I saw this in my Twitter feed a few days ago. Some hilarious comment included "Return of the yummy".

I've actually been experimenting with sourdough recently. It's very easy to get started with this and even the failures are pretty tasty. All you need is clean water, some decent flour and about 7-10 days to turn that into a stable sourdough starter. After that, you can just keep on growing it and baking bread, pizza, pancakes (oh yes), etc. Dangerously delicious. I could use less carbs in my life, though.


This is fascinating.

I do wonder whether sterilizing the flour had any effect on the output. Doing a control with the same flour and modern yeast seems potentially worthwhile.


It sounded like he already had experience with that. He said that flour always turns out like a “puck”, where this was fluffly. So, not exactly science-grade analysis there, but certainly a strong indicator.


The “puck” thing was about the type of grain he used. There was no indication that he’d previously sterilized said grain.


I really would love buying that yeast eventually to experiment with it, good business opportunity for them if the lab tests they are doing pans out.


I would buy.

Sell it as a kit with the right flour.


I happened on a fun radio interview with Seamus Blackley about this while driving this evening: https://www.cbc.ca/player/play/1583944259602.


Nobody got sick.


I’ve never heard of anyone getting sick from anything that looks and smells like sourdough and doesn’t have obvious mold. And people start their own starters all the time under extremely unsanitary conditions.

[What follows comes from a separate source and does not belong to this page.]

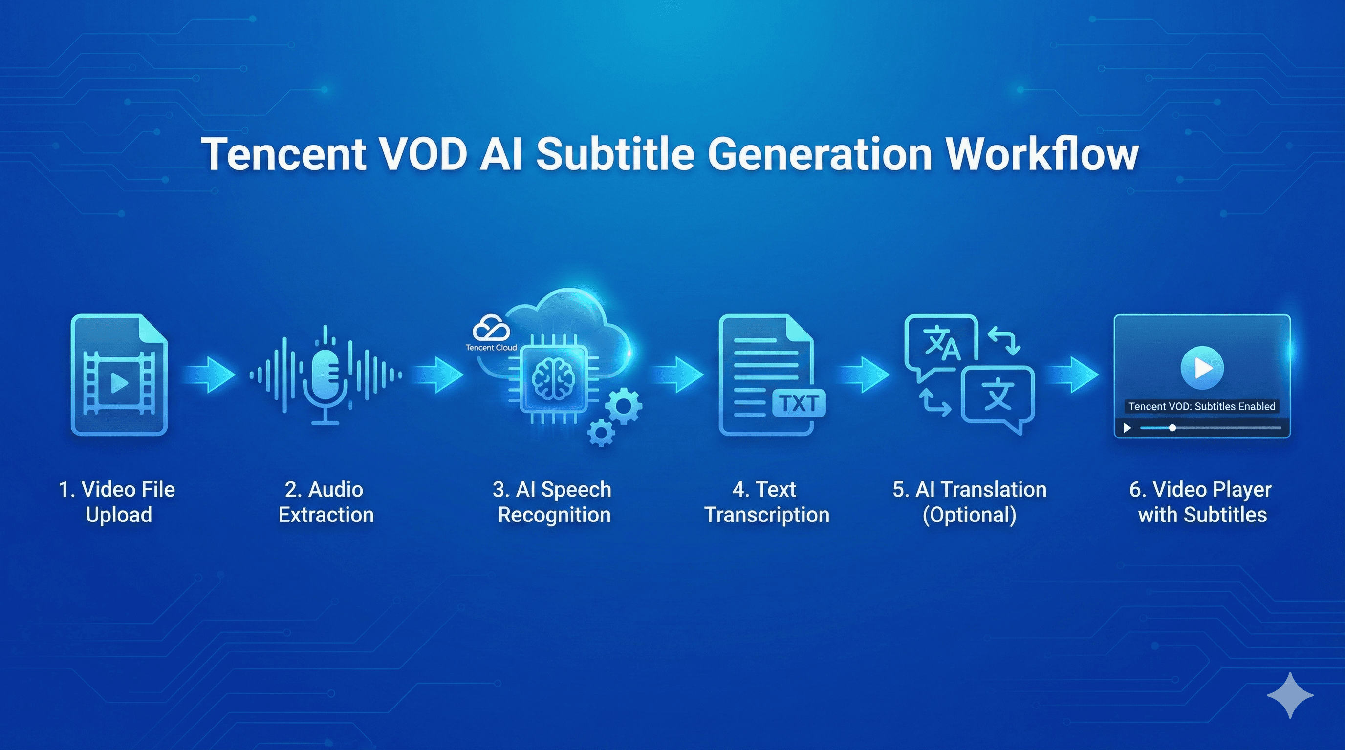 AI Prompt for Infographic: "Create a horizontal process infographic showing Tencent VOD's AI subtitle generation workflow. Include icons for: video file, audio waveform, AI processing, text document, translation, and video player with subtitles. Use a modern, tech-focused design with blue gradient."

It turns out that the critters that infect people are usually pretty specialized and have a hard time living in dough.


yeah yeast hates salt.

humans are kinda salty.


Are you saying that the kind of yeast that ferments bread can’t tolerate salt? The salt I add to my dough on a regular basis disagrees.

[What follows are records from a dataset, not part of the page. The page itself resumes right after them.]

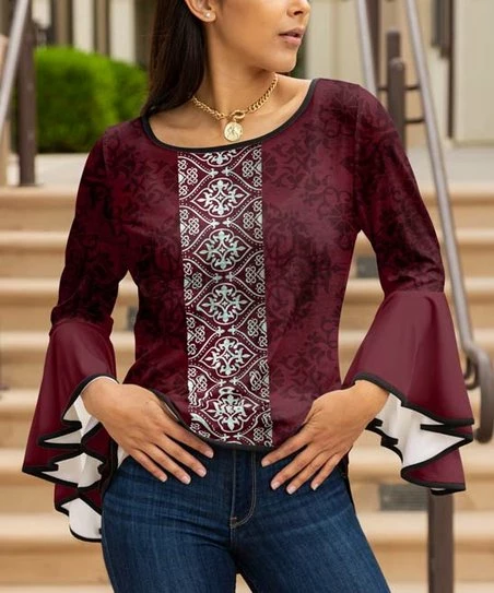 This fashionable tunic combines retro-cool style with a bold pattern and ruffled bell sleeves for tons of movement.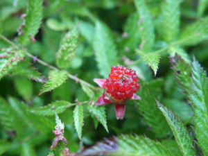 緑の中に赤い実。Googleレンズが「バライチゴ」と表示。 |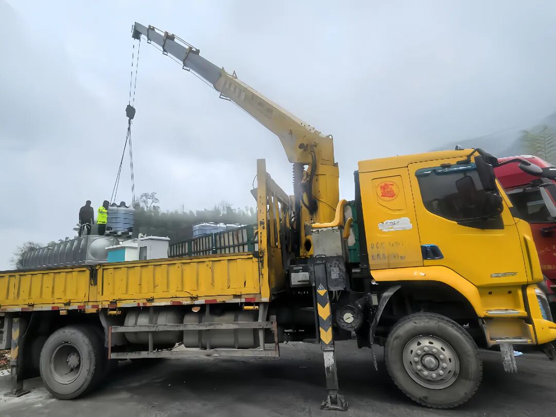 工作人员安装融雪剂罐体
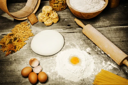 Ingredients for making pasta: eggs, flour, and maybe just a little olive oil. © Getty Images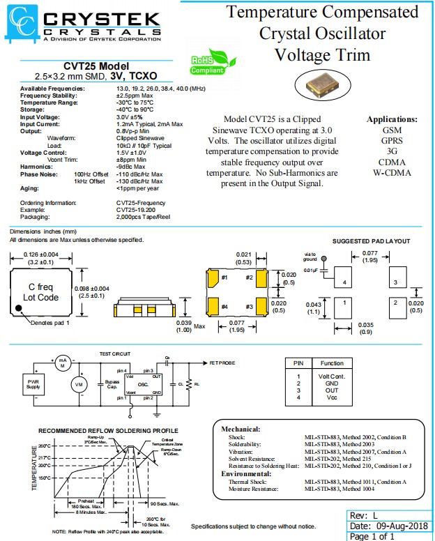 CVT25-26.000 | Crystek Crystal | CVT25 | TCXO | 26MHz |

As I understand it, there are two things going on. First, most (or even all?) pathogens can’t tolerate alcohol, and many baking yeasts produce alcohol. (Many sourdoughs produce very little, though.). A lot of pathogens also can’t tolerate the acids in sourdough either. Most importantly, baker’s yeast and sourdough cultures grow fast. The outcompete the nasties in dough. This is why a brand new starter can be funky, but this resolves itself after a few generations.


Bread yeast is different from other types of yeast, such as the kind you'd get a yeast infection from.

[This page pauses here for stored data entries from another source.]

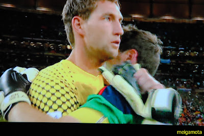 Como segundo comentario y apaciguado mi “contento”, adjunto cuando Iker Casillas se abraza al portero de la Selección de Holanda, éste refleja en su expresión el gesto de la  frialdad de los que se sienten derrotados… Casillas abrazó en ese instante a un bloque de hielo.(foto primera) Claro que después nuestro gran Iker ha sido altamente compensado por el besazo de su guapa e inteligente novia: Sara Carbonero. Mi querido Iker,  todo tiene una recompensa y el beso de Sara es altamente valorado y así se  constata.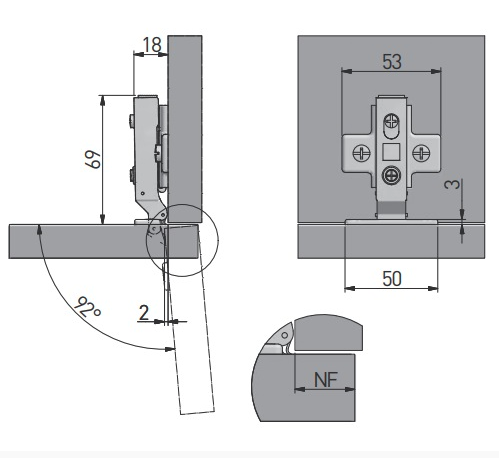GTV Soft Close Full/Half Overlay/Inset Mini 26 mm Kitchen Cupboard 90 Degree Hinge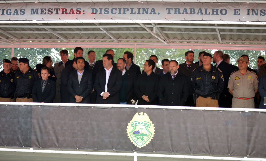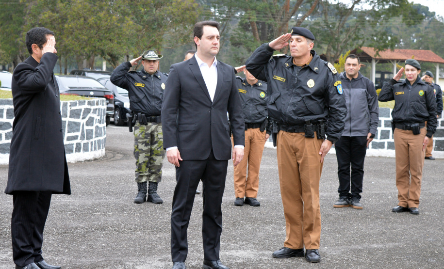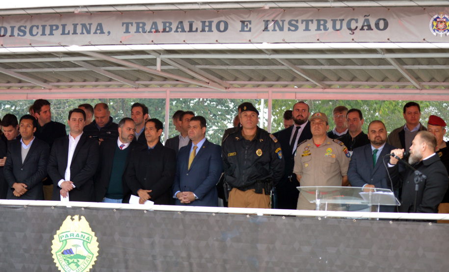 PRESENÇAS - Além do Governador e do Secretário de Segurança, estiveram no evento o Secretário da Casa Civil, Guto Silva, os deputados estaduais Thiago Amaral e Adriano José, o Comandante Geral da PM, coronel Péricles de Matos, o Comandante da Academia Policial Militar do Guatupê (APMG), coronel Ronaldo de Abreu, o Delegado Geral da Polícia Civil, Silvio Jacob Rockembach, o Comandante do Corpo de Bombeiros, coronel Samuel Prestes, além de comandantes de unidades da PM, oficiais e praças da Corporação e convidados.

Same broad taxonomic Order but way different lineages in the same way that bears and corgis are in the same order. Similar enough -- fur, teeth, etc. -- but one is a useful friend, and the other will try to kill you, though serious threats are kinda rare.

If this was bread yeast, even old bread yeast, it'll probably be harmless, in the same way that the reincarnation of an ancient Egyptian cat will probably just act like any other cat.


Keep in mind that bread is baked until the internal temperature is usually 205F or so. It should be extremely safe, regardless of what yeast you used.


Some toxins produced by "bad" organisms can survive high temperatures of an oven, e.g. causing ergotism.